**Task material:**

◇ ◇ ◇ ◇ ◇ ◇ ◇

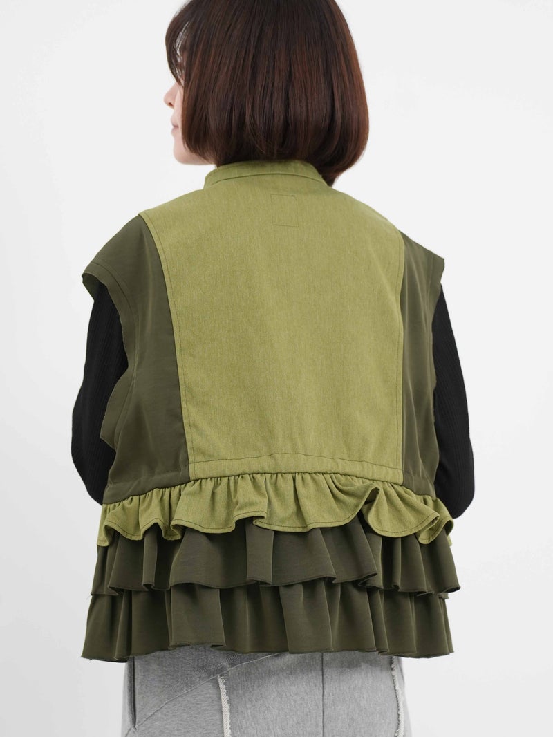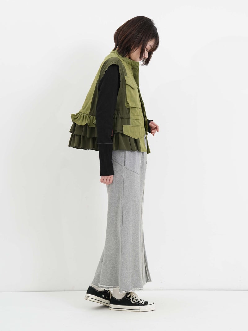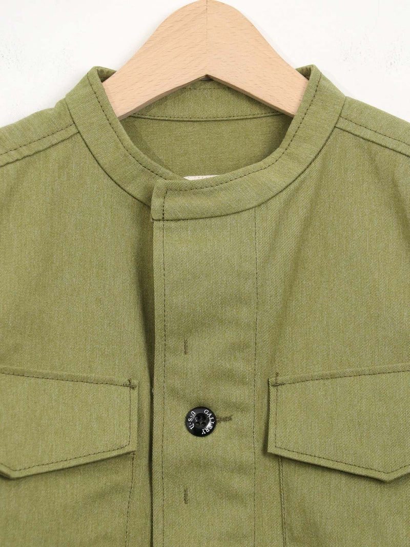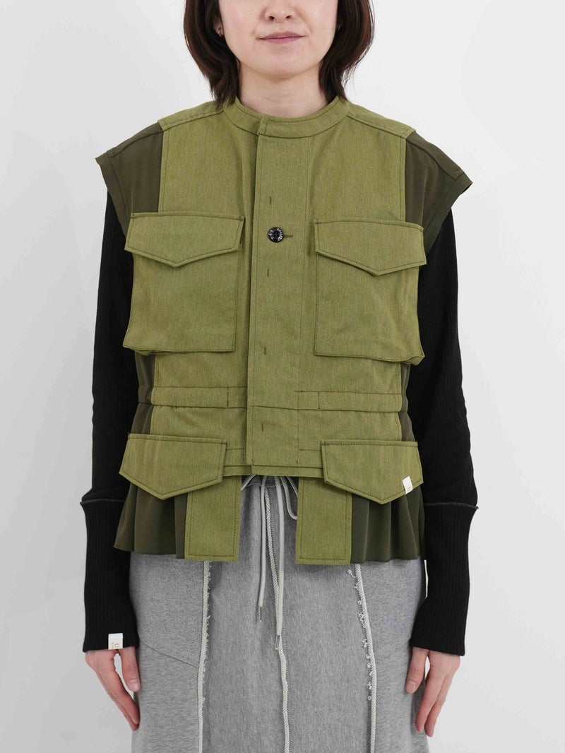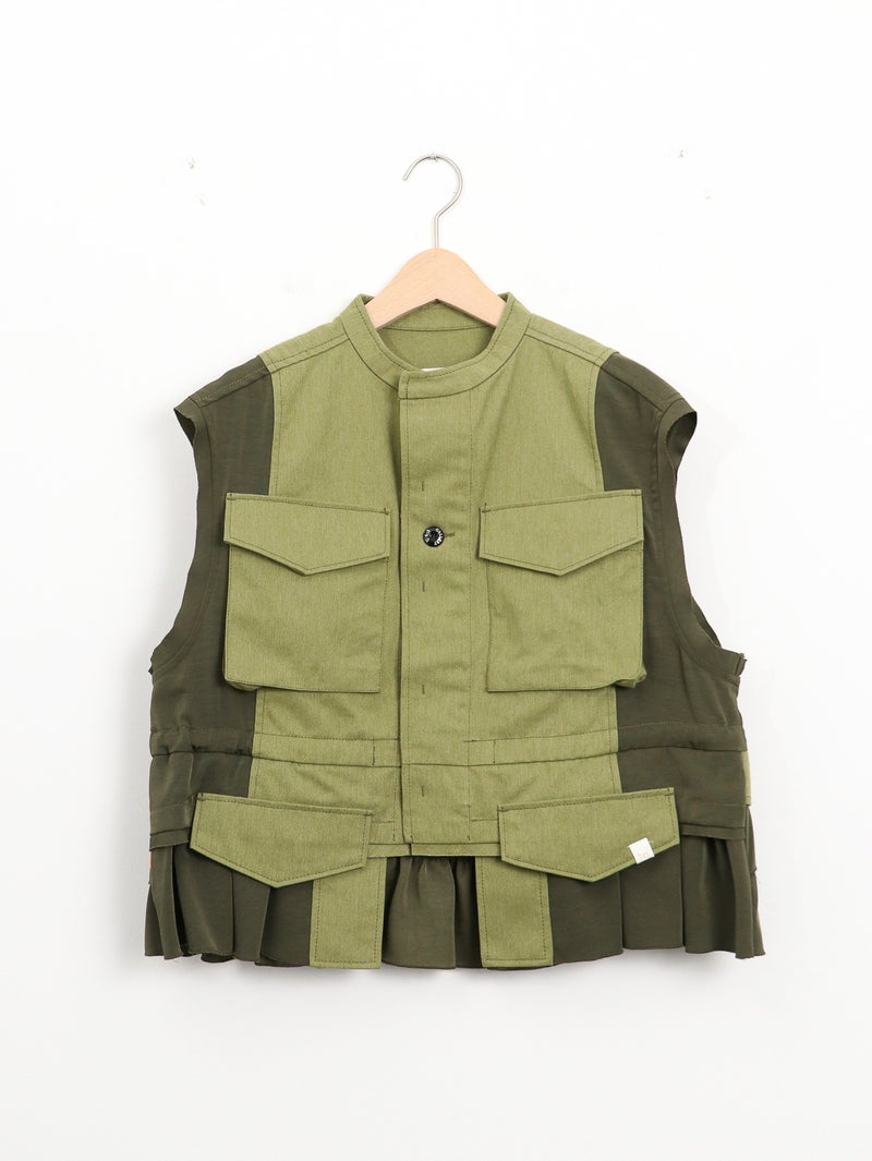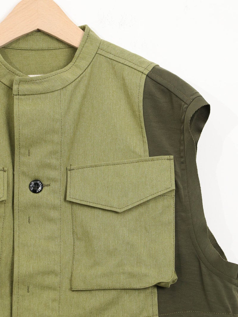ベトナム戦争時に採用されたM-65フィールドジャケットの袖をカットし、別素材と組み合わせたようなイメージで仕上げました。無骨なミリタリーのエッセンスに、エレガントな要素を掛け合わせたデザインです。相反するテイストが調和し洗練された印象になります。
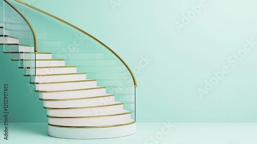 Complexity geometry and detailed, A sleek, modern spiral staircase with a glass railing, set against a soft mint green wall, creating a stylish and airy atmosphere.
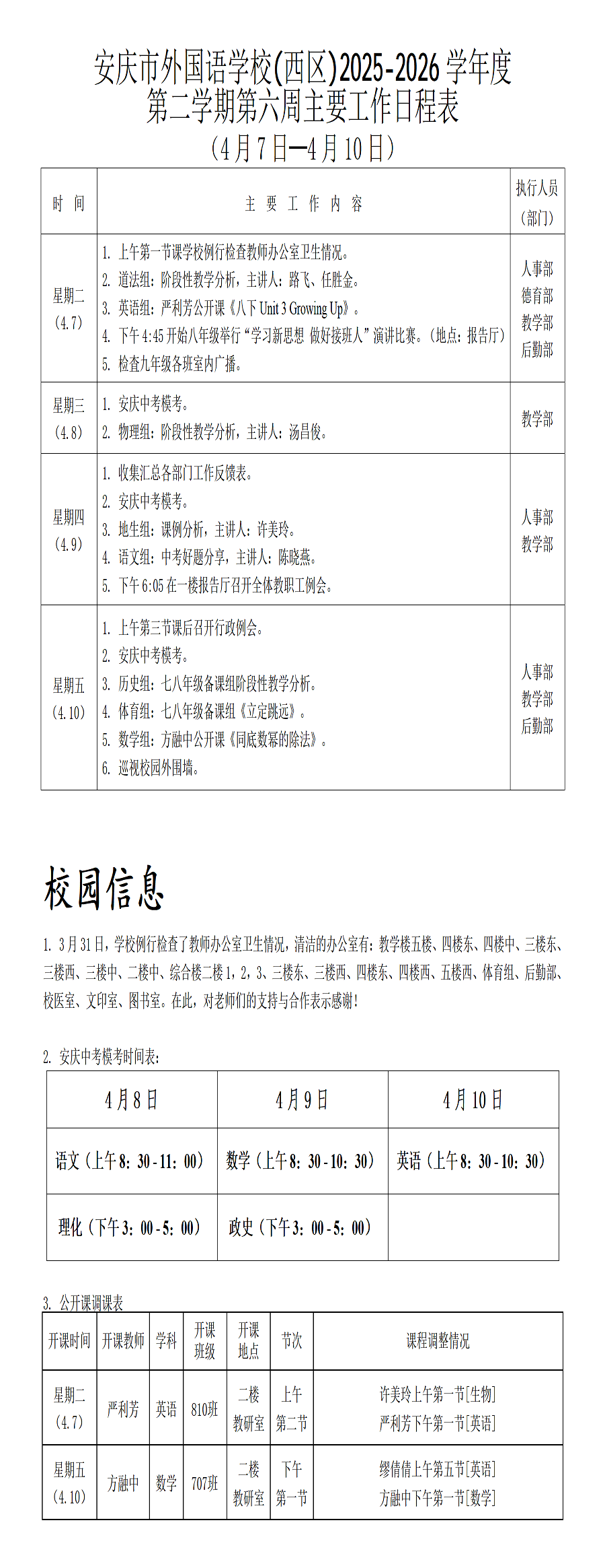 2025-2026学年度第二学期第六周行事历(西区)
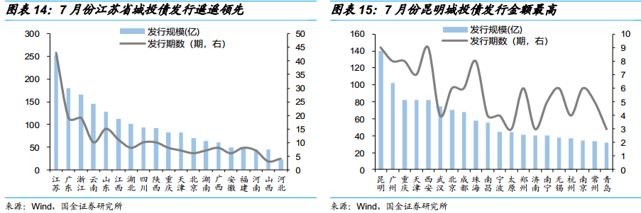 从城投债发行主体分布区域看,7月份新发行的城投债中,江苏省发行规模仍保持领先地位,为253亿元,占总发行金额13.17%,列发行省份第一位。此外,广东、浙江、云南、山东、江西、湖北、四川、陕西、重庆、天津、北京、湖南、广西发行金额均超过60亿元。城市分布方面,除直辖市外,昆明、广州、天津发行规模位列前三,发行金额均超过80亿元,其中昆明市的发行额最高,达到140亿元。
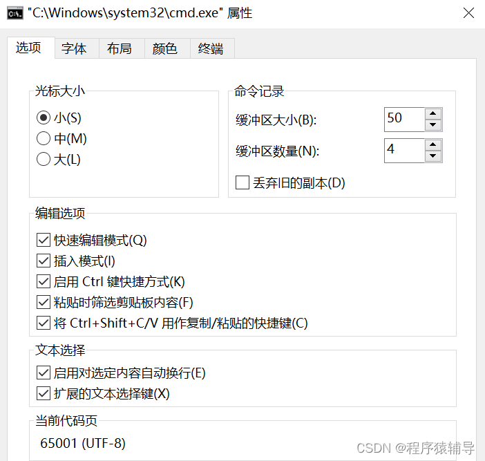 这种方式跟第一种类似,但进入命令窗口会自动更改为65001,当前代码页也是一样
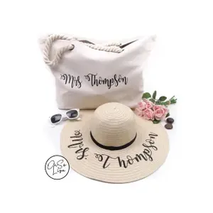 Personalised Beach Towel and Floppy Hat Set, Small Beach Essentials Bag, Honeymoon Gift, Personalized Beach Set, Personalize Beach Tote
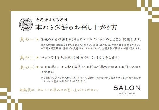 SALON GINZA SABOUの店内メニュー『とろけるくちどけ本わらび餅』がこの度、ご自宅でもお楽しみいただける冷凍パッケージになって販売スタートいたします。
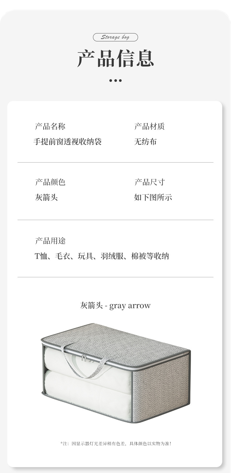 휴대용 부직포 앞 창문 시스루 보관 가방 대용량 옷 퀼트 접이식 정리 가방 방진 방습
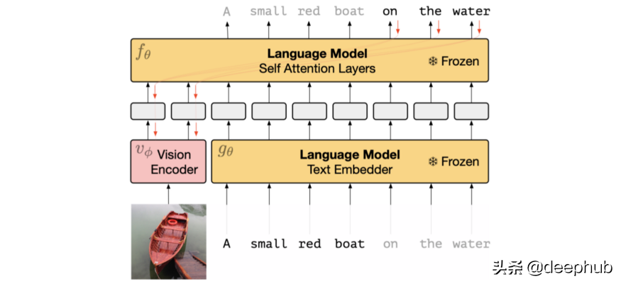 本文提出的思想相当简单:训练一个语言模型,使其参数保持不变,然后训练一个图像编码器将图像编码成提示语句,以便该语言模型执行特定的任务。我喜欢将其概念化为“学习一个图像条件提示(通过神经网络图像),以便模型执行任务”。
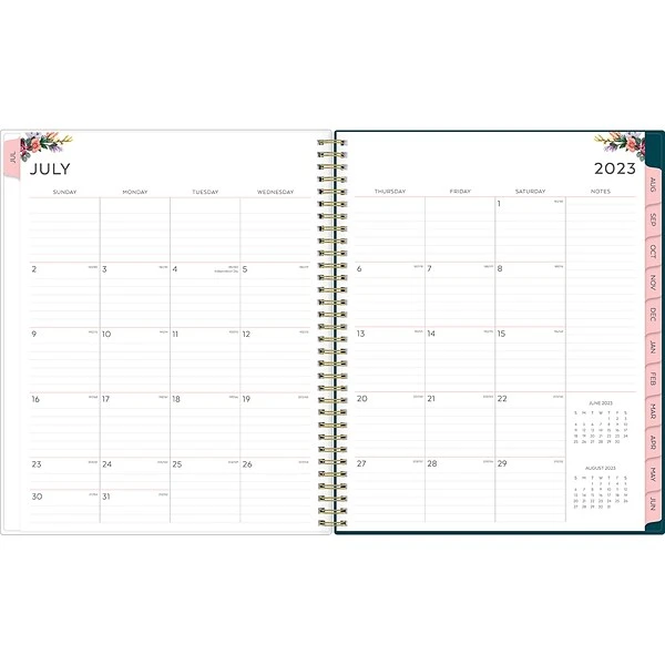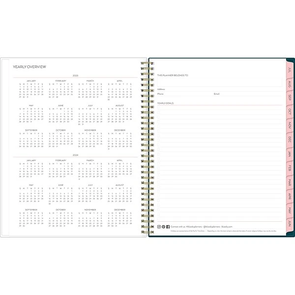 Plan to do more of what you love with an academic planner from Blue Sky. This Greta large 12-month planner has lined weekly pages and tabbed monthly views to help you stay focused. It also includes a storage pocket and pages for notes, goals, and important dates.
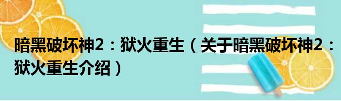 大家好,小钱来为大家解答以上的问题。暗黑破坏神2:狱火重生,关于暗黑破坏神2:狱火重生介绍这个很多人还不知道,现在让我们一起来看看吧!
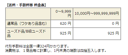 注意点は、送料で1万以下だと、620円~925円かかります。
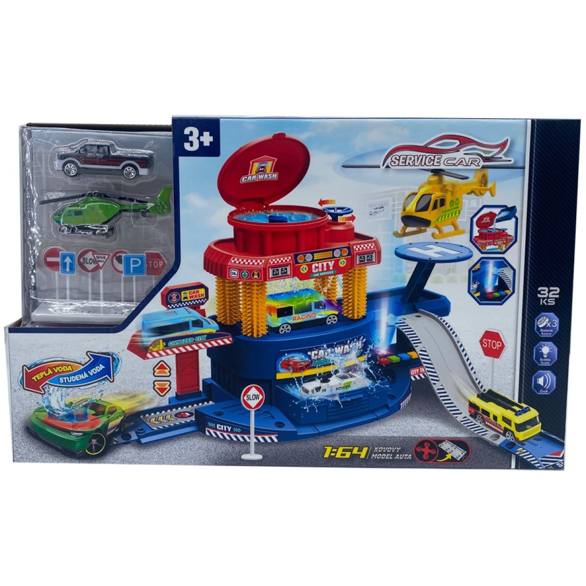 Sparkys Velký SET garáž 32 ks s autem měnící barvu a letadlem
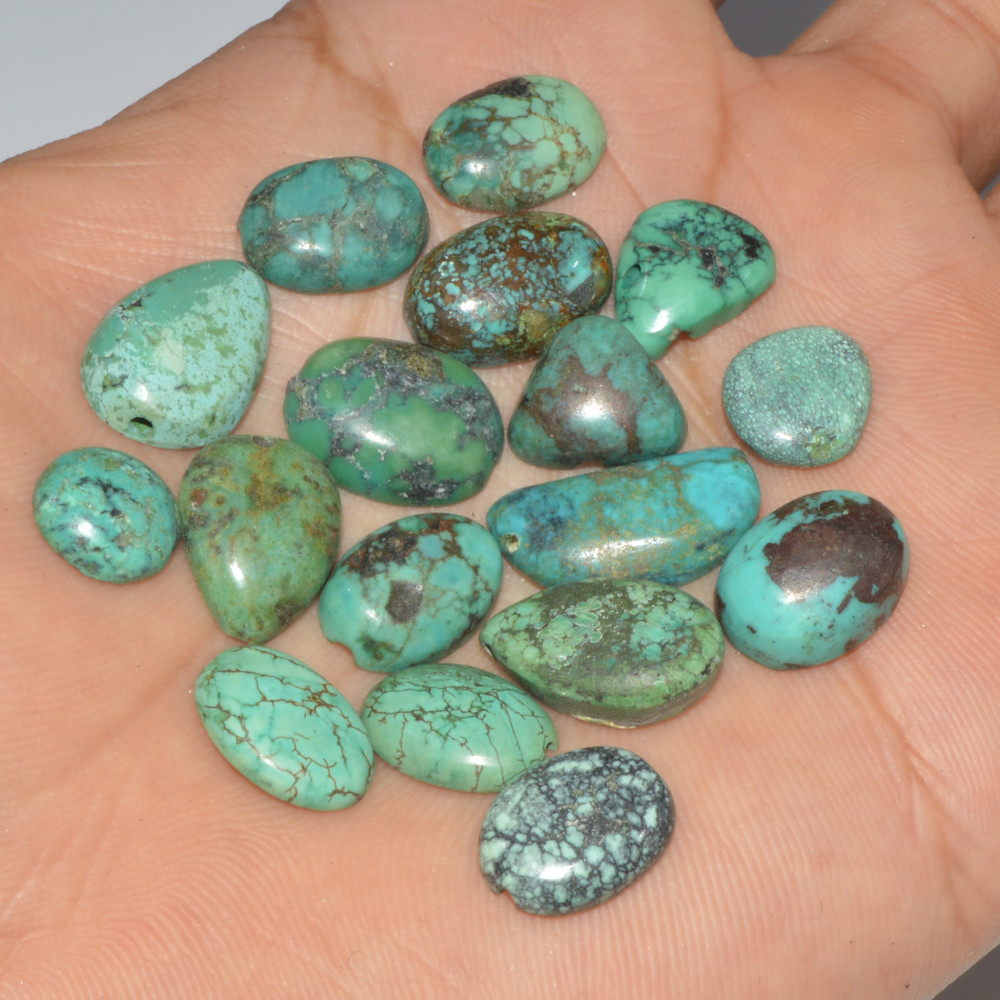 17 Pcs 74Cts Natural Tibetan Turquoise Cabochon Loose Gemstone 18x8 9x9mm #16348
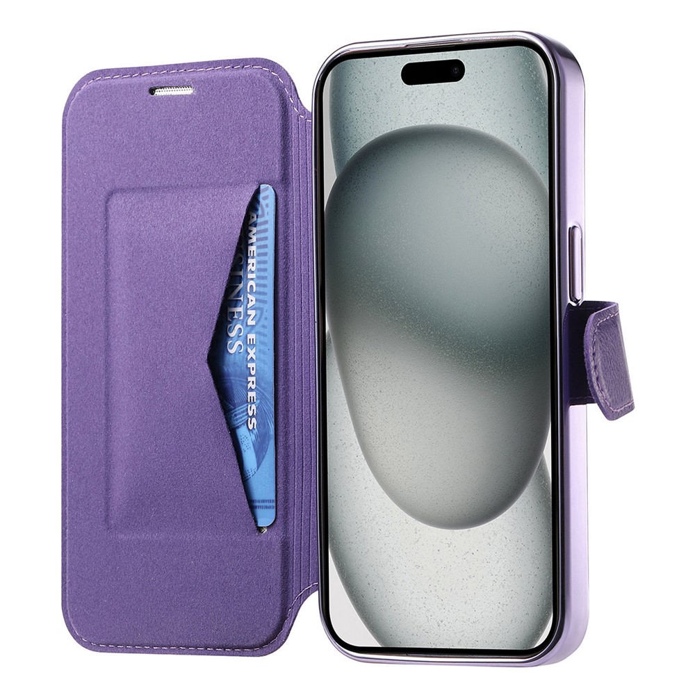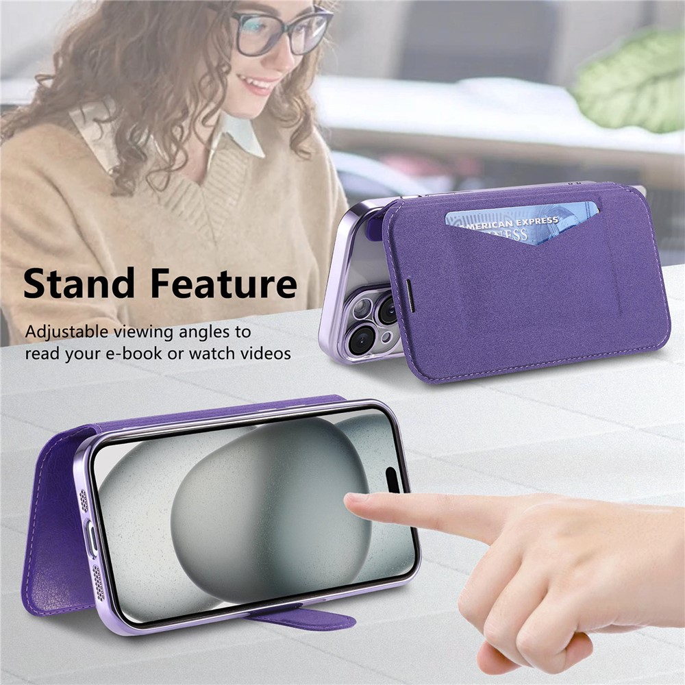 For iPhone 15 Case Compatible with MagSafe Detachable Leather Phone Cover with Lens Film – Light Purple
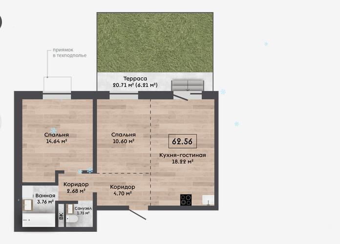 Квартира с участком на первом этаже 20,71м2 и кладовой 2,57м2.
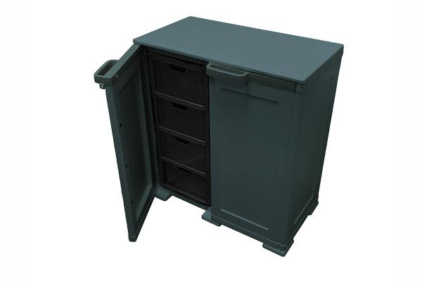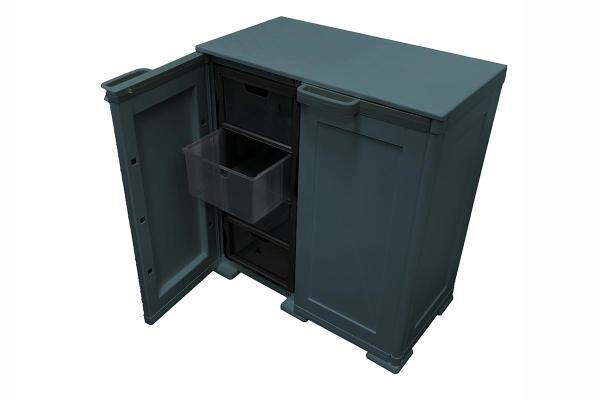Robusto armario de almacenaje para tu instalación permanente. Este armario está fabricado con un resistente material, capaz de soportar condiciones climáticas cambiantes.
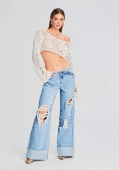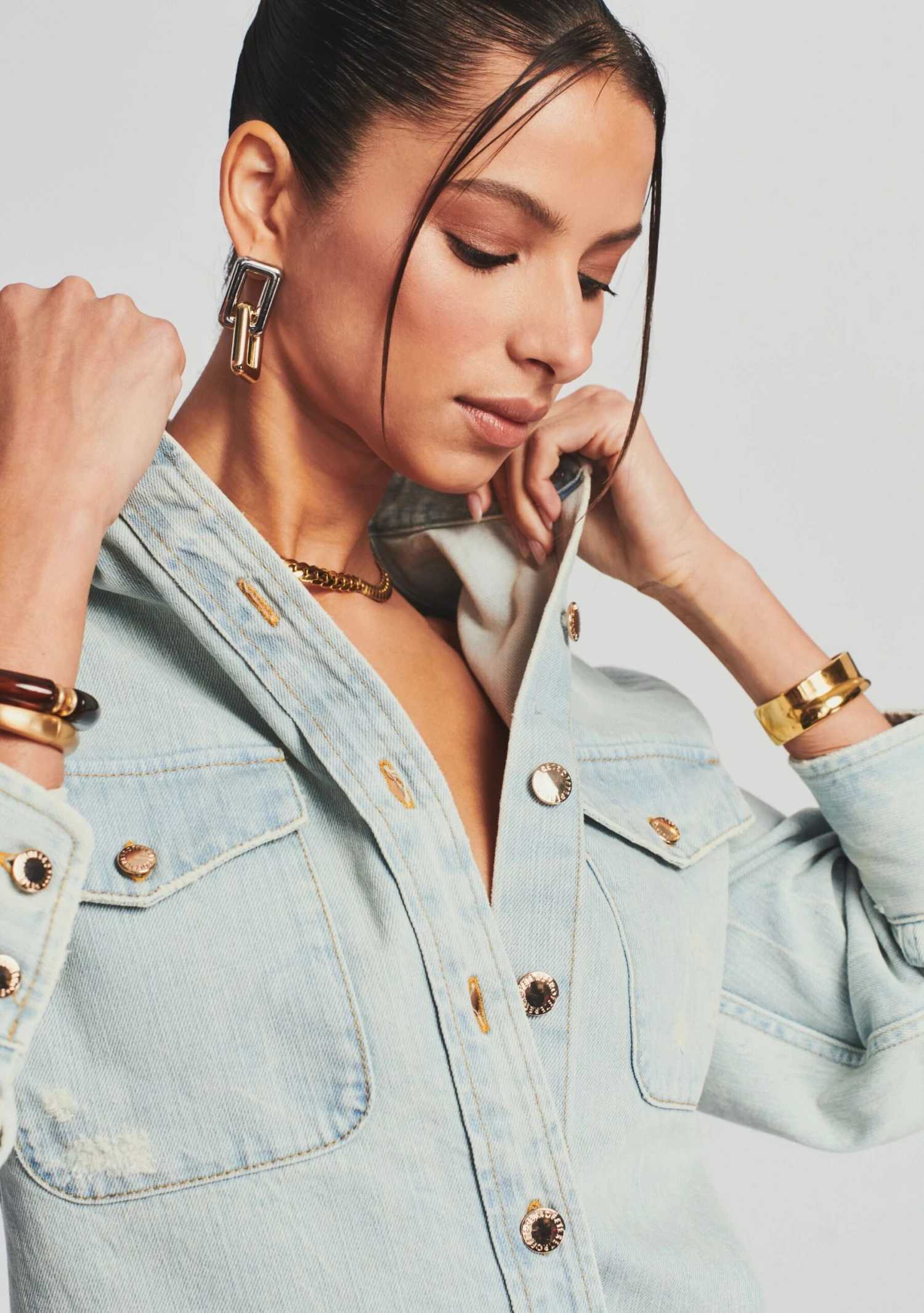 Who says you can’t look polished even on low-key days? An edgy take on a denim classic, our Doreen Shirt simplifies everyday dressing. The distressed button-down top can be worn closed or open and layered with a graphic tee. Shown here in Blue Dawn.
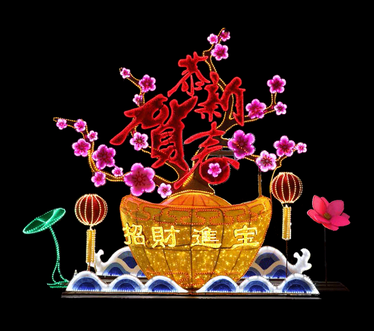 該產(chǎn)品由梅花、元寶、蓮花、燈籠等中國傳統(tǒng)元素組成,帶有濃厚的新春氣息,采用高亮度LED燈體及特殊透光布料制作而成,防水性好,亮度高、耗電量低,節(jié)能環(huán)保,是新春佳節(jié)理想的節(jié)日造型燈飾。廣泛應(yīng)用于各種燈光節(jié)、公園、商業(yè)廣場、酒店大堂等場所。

◇ ◇ ◇ ◇ ◇ ◇ ◇

**Task to complete:** Copy every record exactly, but skip the pictures.

**Expected answer:**
ベトナム戦争時に採用されたM-65フィールドジャケットの袖をカットし、別素材と組み合わせたようなイメージで仕上げました。無骨なミリタリーのエッセンスに、エレガントな要素を掛け合わせたデザインです。相反するテイストが調和し洗練された印象になります。
 Complexity geometry and detailed, A sleek, modern spiral staircase with a glass railing, set against a soft mint green wall, creating a stylish and airy atmosphere.
 2025-2026学年度第二学期第六周行事历(西区)
 从城投债发行主体分布区域看,7月份新发行的城投债中,江苏省发行规模仍保持领先地位,为253亿元,占总发行金额13.17%,列发行省份第一位。此外,广东、浙江、云南、山东、江西、湖北、四川、陕西、重庆、天津、北京、湖南、广西发行金额均超过60亿元。城市分布方面,除直辖市外,昆明、广州、天津发行规模位列前三,发行金额均超过80亿元,其中昆明市的发行额最高,达到140亿元。
 这种方式跟第一种类似,但进入命令窗口会自动更改为65001,当前代码页也是一样
 Personalised Beach Towel and Floppy Hat Set, Small Beach Essentials Bag, Honeymoon Gift, Personalized Beach Set, Personalize Beach Tote
 SALON GINZA SABOUの店内メニュー『とろけるくちどけ本わらび餅』がこの度、ご自宅でもお楽しみいただける冷凍パッケージになって販売スタートいたします。
 휴대용 부직포 앞 창문 시스루 보관 가방 대용량 옷 퀼트 접이식 정리 가방 방진 방습
 本文提出的思想相当简单:训练一个语言模型,使其参数保持不变,然后训练一个图像编码器将图像编码成提示语句,以便该语言模型执行特定的任务。我喜欢将其概念化为“学习一个图像条件提示(通过神经网络图像),以便模型执行任务”。
 Plan to do more of what you love with an academic planner from Blue Sky. This Greta large 12-month planner has lined weekly pages and tabbed monthly views to help you stay focused. It also includes a storage pocket and pages for notes, goals, and important dates.
 大家好,小钱来为大家解答以上的问题。暗黑破坏神2:狱火重生,关于暗黑破坏神2:狱火重生介绍这个很多人还不知道,现在让我们一起来看看吧!
 注意点は、送料で1万以下だと、620円~925円かかります。
 Sparkys Velký SET garáž 32 ks s autem měnící barvu a letadlem
 17 Pcs 74Cts Natural Tibetan Turquoise Cabochon Loose Gemstone 18x8 9x9mm #16348
 For iPhone 15 Case Compatible with MagSafe Detachable Leather Phone Cover with Lens Film – Light Purple
 Квартира с участком на первом этаже 20,71м2 и кладовой 2,57м2.
Robusto armario de almacenaje para tu instalación permanente. Este armario está fabricado con un resistente material, capaz de soportar condiciones climáticas cambiantes.
 Who says you can’t look polished even on low-key days? An edgy take on a denim classic, our Doreen Shirt simplifies everyday dressing. The distressed button-down top can be worn closed or open and layered with a graphic tee. Shown here in Blue Dawn.
 該產(chǎn)品由梅花、元寶、蓮花、燈籠等中國傳統(tǒng)元素組成,帶有濃厚的新春氣息,采用高亮度LED燈體及特殊透光布料制作而成,防水性好,亮度高、耗電量低,節(jié)能環(huán)保,是新春佳節(jié)理想的節(jié)日造型燈飾。廣泛應(yīng)用于各種燈光節(jié)、公園、商業(yè)廣場、酒店大堂等場所。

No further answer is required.